Genomic Correlations, Shared Loci, and Drug Targets Between Polycystic Ovary Syndrome and Asthma: Insights From Genome-wide Association Analysis

Abstract

Background: Observational studies have shown an association between polycystic ovary syndrome (PCOS) and asthma-related traits. However, whether this association is genetically driven or arises from observational biases remains unclear.

Methods: This study integrated data from 10 074 PCOS cases and asthma-related traits obtained from the UK Biobank and FinnGen cohorts. Global and local genetic architectures were examined using pleiotropic analysis under the composite null hypothesis, functional mapping and annotation of genetic associations, and fine-mapping credible set analysis. Drug database mining was employed to identify pleiotropic genes as potential therapeutic targets. Tissue and cell enrichment analyses were conducted to uncover shared biological mechanisms.

Results: We identified 3 novel significant genetic loci for asthma subtypes (2 for allergic asthma and 1 for childhood asthma). A positive overall genetic correlation between PCOS and asthma-related traits was observed. We discovered 5 pleiotropic causal regions encompassing 13 genes, with ERBB3 emerging as a potential central gene contributing to the shared pathophysiology of PCOS and asthma-related traits. Additionally, drug repositioning analysis suggested anakinra and artenimol as potential therapeutic candidates for PCOS and asthma comorbidity. The linkage disequilibrium score for the specific expression of genes analysis, along with transcriptome-wide association studies, further identified gene expression patterns at the tissue/cell level in the hypothalamo-pituitary, exocrine/endocrine, respiratory, and urogenital systems.

Conclusion: Our findings provide novel insights into the genetic basis and biological processes underlying the association between PCOS and asthma-related traits, warranting evaluation of whether PCOS-specific asthma risk assessment could improve clinical outcomes.

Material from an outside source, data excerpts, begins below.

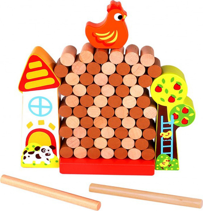 Το παιχνίδι TOOKY TOY Wooden Farm Jenga είναι jenga για τους νεότερους. Είναι διασκεδαστικό και αποτελεί μάθημα πολύτιμων δεξιοτήτων. Η αισθητική κατασκευή και τα χρώματα προσελκύουν την προσοχή των παιδιών. Χτίστε έναν τοίχο και τοποθετήστε το κοτόπουλο στην κορυφή, αφαιρώντας ένα μπαστούνι κάθε φορά. Όποιος αναγκάσει τον τοίχο να γκρεμιστεί χάνει!
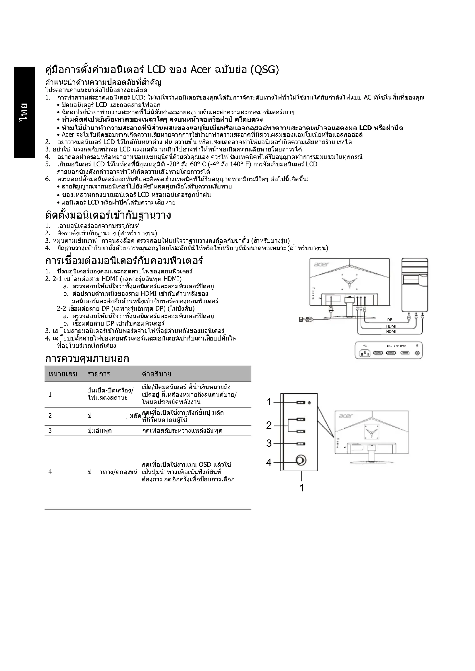- Acer จะไม่รับผิดชอบหากเกิดความเส
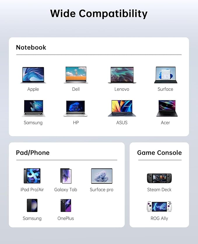 - Compatible Devices : Laptops,MacBook,Projector,HDTV,Monitor,Dell, HP, Lenovo, iPad, iPhone 15 Series, ASUS ROG Ally / Steam Deck / MacBook / MacBook Pro(2021/2020/2019/2018); Macbook Air 2018-2020, Mac mini 2018-2020, iPad Pro/ Air 2018/2020, iPad mini 6; Dell XPS 9380/ XPS 13 9365/ XPS 15 2018; Dell Latitude E7370/ E7470/ E7480/ Dell Latitude 13 7000/ E7370L/ New XPS 15 i7 Lenovo Yoga 720-13IKB/Yoga 910; Yoga15 Thinkpad Ultrabook Pro; Thinkpad E590/ Thinkpad P72/ Lenovo C930; Microsoft Surface Book 2/ Surface Laptop 3; Surface Pro 7/ Surface Pro 8/ Surface Go; Galaxy Book Flex Alpha 2-in-1 13.3" QLED Touch-Screen Laptop; Galaxy Tab S5e/ Galaxy Tab S4; HP Spectre Laptop 13-af001TU/ Spectre x360 13t; Elitebook 840 G5 series/ Elitebook x360 1030 G3; Envy Geforce mx250/ Z book 15u G3 ASUS Zenbook UX330UA/ Zenbook Flip ux370u; Acer Aspire 5 2019; D17w3 Aspire c24-865; Samsung Galaxy S10+/ S10/ S9+/ S9/ S8+/ S8 Plus; Note 10/ 9/ 8 Laptops,MacBook,Projector,HDTV,Monitor,Dell, HP, Lenovo, iPad, iPhone 15 Series, ASUS ROG Ally / Steam Deck / MacBook / MacBook Pro(2021/2020/2019/2018); Macb… See more
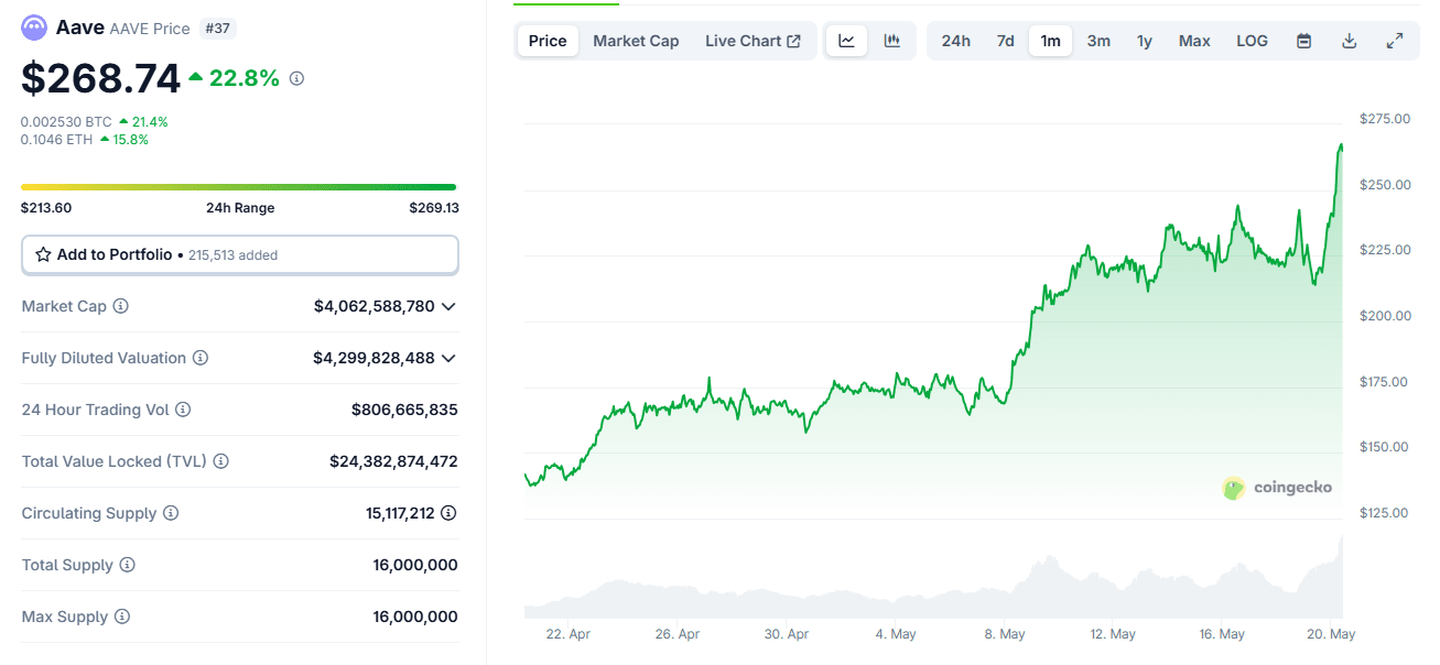 Der AAVE-Token ist in die Höhe geschossen und hat innerhalb eines Tages über 25% zugelegt, handelt jetzt bei einem Monatshoch von über 268 Dollar – und das könnte erst der Anfang sein.
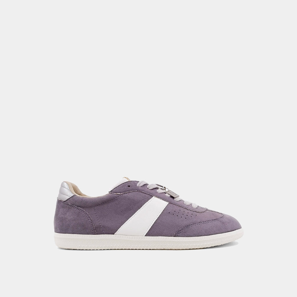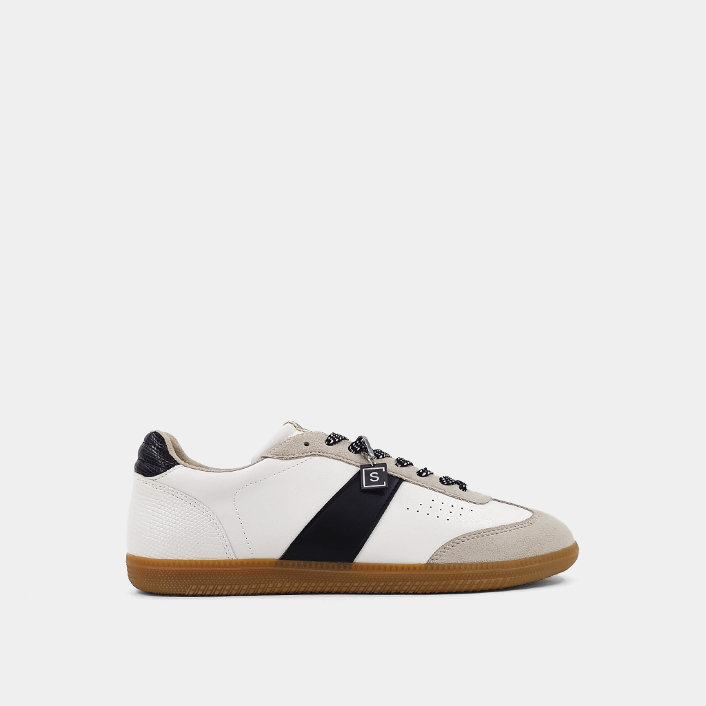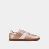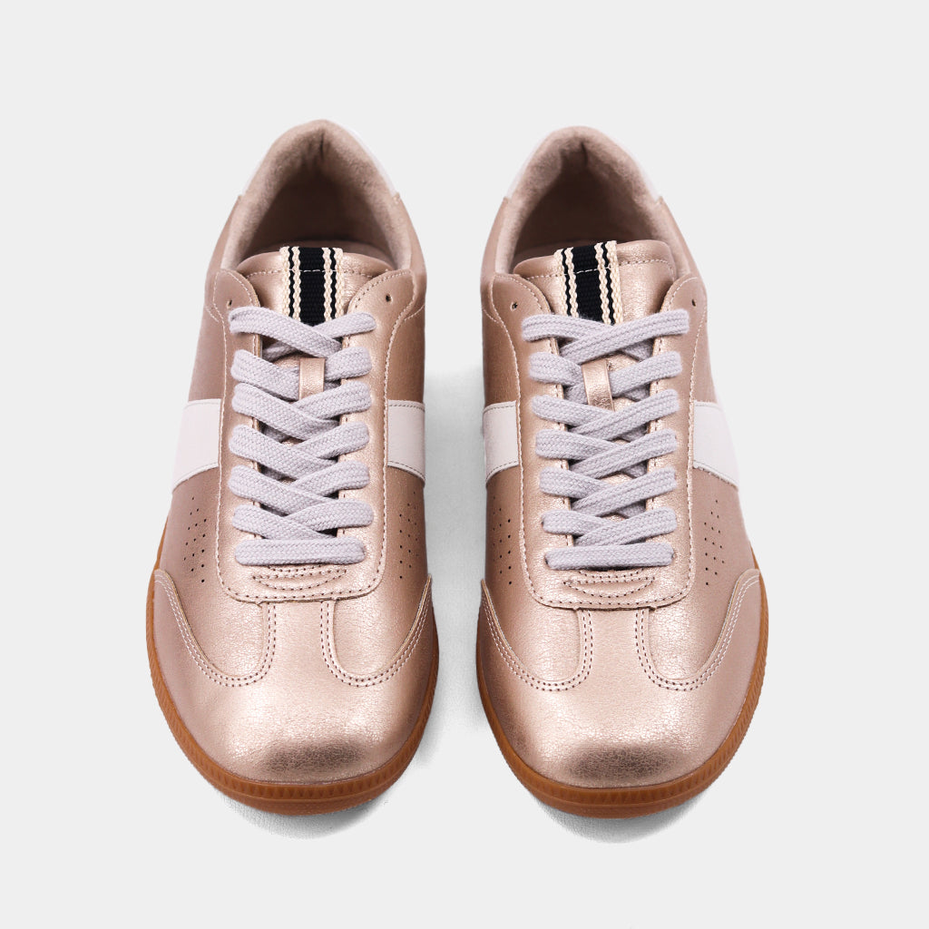 The SYDNEY sneakers shine in buttery faux metallic leather with a striking golden hue. Featuring white-to-bone side stripes and ankle accents, they combine retro style with modern flair. The gum-colored rubber sole ensures comfort, while the signature brand tag pendant adds a luxe touch. A perfect blend of minimalist design and standout style for everyday wear.
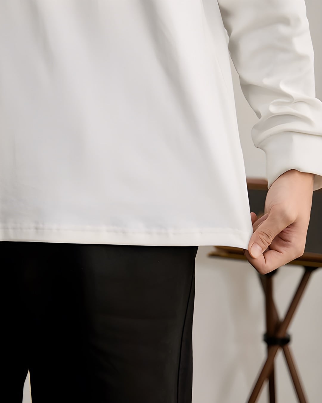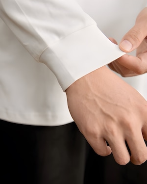 袖口と裾はシンプルな仕立てで、

Keywords: asthma; genetic architecture; genome-wide association studies; polycystic ovary syndrome.

Figure 1.

Overview of the study design. (A) Gwas data sources; (B) Genome-wide association analysis. Abbreviations: HESS, heritability estimation from summary statistics; LDSC-SEG, linkage disequilibrium score regression for the specific expression of genes analysis; PCOS, polycystic ovary syndrome.

Figure 2.

Multilevel enrichment analysis of pleiotropic genes associated with PCOS and asthma. (A) Enrichment of differentially expressed 13 pleiotropic genes across 54 GTEx tissues. The y-axis represents significance as −log10(P-value). Red bars represent significant enrichment after Bonferroni correction for multiple testing. (B) Disease associations of 11 pleiotropic genes reported in the GWAS Catalog. Left panel shows the proportion of overlapping genes in gene sets for each disease/trait. Middle panel displays enrichment significance as −log10(adjusted P-value). Right panel indicates specific overlapping genes. (C) Colocalization analysis of ERBB3 eQTLs across multiple tissues. The x-axis shows −log10(P-value) of colocalization, with higher values indicating stronger evidence of shared causal variants between PCOS/asthma and ERBB3 expression in the respective tissues. Abbreviations: DEG, differentially expressed genes; eQTL, expression quantitative trait loci; GTEx, genotype-tissue expression; GWAS, genome-wide association studies; PCOS, polycystic ovary syndrome.